Millard - 2008-04-02 Ugly people do not deserve good things just because they can cut a dog!!!!!
dementomstie - 2008-04-02 AND the title "Groomer of the Year"? Really? How can I join? That'll look great on my resume at IHOP!
Also, Wow that guy CAN taste victory!
zatojones - 2008-04-02 As if I needed a new reason to hate people
Randroid - 2008-04-02 This is some purestrain shit.
Billy the Poet - 2008-04-02 Bravo went from entertainment for educated cityfolk to entertainment for gays to entertainment for faggots. I predict "Who Wants to Design a Fursuit for Perez Hilton?" within five years.
Billy the Poet - 2008-04-02 Hmm. Must look so bad I assumed that it would be on Bravo.

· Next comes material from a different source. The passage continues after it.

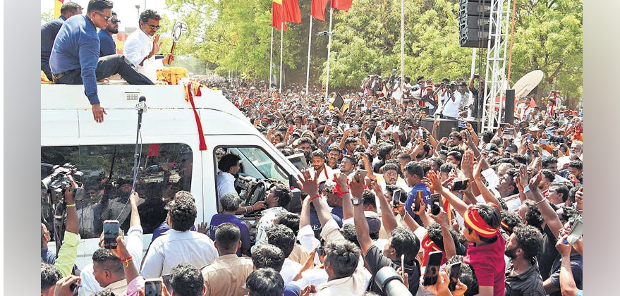 பிரச்சாரத்திற்கு 5 நிமிடங்கள் தாமதமாக வந்ததால் டிவிகே தலைவர் விஜய் உரையாற்றாமல் புறப்பட்டுச் சென்றார்........

Billy Buttsex - 2008-04-04 second law of billydynamics: all billys are geniuses.
citrusmirakel - 2008-04-02 They went all out with the celebrity host, though. One of the Queer Guys.
zatojones - 2008-04-02 the one without a concrete talent to boot
BHWW - 2008-04-02 The only thing worse and sadder than Bravo type reality shows centering allegedly glamorous or exciting careers (with hefty doses of soap opera twaddle and the token wacky guy who causes rifts) are niche channels trying to do something in the same vein. What next, is the Weather Channel going to do "So You Think You Can Forecast?"
TheSurgeon - 2008-04-02 "It was... not a acceptable thing to ask me to get that large of a dog done in 90 minutes."
Killer Joe - 2008-04-02 DUN-da-da-da-DUN-DUN-DUN, (BWOOOSH!)!!!!
Menudo con queso - 2008-04-03 Is it me, or have these judgment shows have become our culture's equivalent of Maoist self-criticism sessions?